SafeAI can scan nested JSON payloads and files, not just flat strings. The scan_structured_input method walks through dictionaries, lists, and nested objects, detecting secrets and PII at every level. Each detection includes the path within the structure where it was found, so you know exactly which field contains the problem.

Quick Example¶

from safeai import SafeAI

ai = SafeAI.quickstart()

payload = {
    "user": {"name": "Alice", "api_key": "sk-ABCDEF1234567890"},
    "message": "Hello world",
}

result = ai.scan_structured_input(payload)
print(result.action)  # "block"
print(result.detections[0].path)  # "user.api_key"

Full Example¶

from safeai import SafeAI

ai = SafeAI.from_config("safeai.yaml")

# Deeply nested payload with secrets and PII at various levels
payload = {
    "request_id": "req-001",
    "user": {
        "name": "Alice Johnson",
        "email": "alice@example.com",
        "preferences": {
            "api_key": "sk-ABCDEF1234567890",
            "notifications": True,
        },
    },
    "tools": [
        {"name": "search", "params": {"query": "weather"}},
        {"name": "database", "params": {"connection": "postgres://admin:s3cret@db:5432/prod"}},
    ],
}

result = ai.scan_structured_input(payload, agent_id="data-bot")
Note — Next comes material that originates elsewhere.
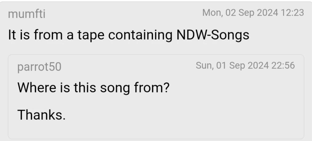 On September 2nd, 2024, the OP came back and said the song came from a cassette tape that contained multiple other NDW/new wave songs, but this is the only one that's still unidentified.[1]

print(f"Action: {result.action}")
print(f"Detections: {len(result.detections)}")

for d in result.detections:
    print(f"  [{d.type}] at path: {d.path}")
    print(f"    value: {d.masked_value}")

# Output:
#   [api_key] at path: user.preferences.api_key
#     value: sk-ABCDEF****
#   [email] at path: user.email
#     value: ****@example.com
#   [database_url] at path: tools[1].params.connection
#     value: postgres://****:****@db:5432/prod

Array indexing in paths

Paths use dot notation for objects and bracket notation for arrays: tools[1].params.connection. This makes it easy to locate the exact field in your payload.

File Scanning¶

Scan files on disk for secrets and PII:

# Scan a JSON file
result = ai.scan_file_input("config/secrets.json", agent_id="deploy-bot")

if result.detections:
    print(f"Found {len(result.detections)} issue(s) in file:")
    for d in result.detections:
        print(f"  [{d.type}] at {d.path}")

Supported file formats:

Format	Extension	Notes
JSON	`.json`	Full structural path tracking
YAML	`.yaml`/`.yml`	Parsed and scanned as nested dict
TOML	`.toml`	Parsed and scanned as nested dict
Text	`.txt`/`.log`	Scanned as flat string
ENV	`.env`	Key-value pairs scanned

StructuredScanResult¶

The result object provides detailed detection information:

result = ai.scan_structured_input(payload)

# Top-level fields
result.action          # "allow" | "block" | "redact"
result.detections      # list of Detection objects
result.safe_payload    # payload with secrets redacted (when action is "redact")

# Each detection
d = result.detections[0]
d.type                 # "api_key", "email", "database_url", etc.
d.path                 # dot/bracket path: "user.preferences.api_key"
d.span                 # character span within the leaf value
d.masked_value         # value with secret portion masked
d.data_tags            # tags assigned: ["secret.api_key"]

Configuration¶

safeai.yaml

scan:
  structured:
    enabled: true
    max_depth: 20            # maximum nesting depth to traverse
    max_keys: 1000           # maximum total keys to scan
    action: block            # block | redact
    file_scanning:
      enabled: true
      max_file_size: 10mb    # skip files larger than this
      formats:
        - json
        - yaml
        - toml
        - env
        - text

Setting	Default	Description
`max_depth`	`20`	Stop traversal at this nesting level
`max_keys`	`1000`	Maximum fields scanned per payload
`max_file_size`	`10mb`	Skip files exceeding this size

Performance

For very large payloads, tune max_depth and max_keys to balance thoroughness with scan latency. Most real-world payloads are well within the defaults.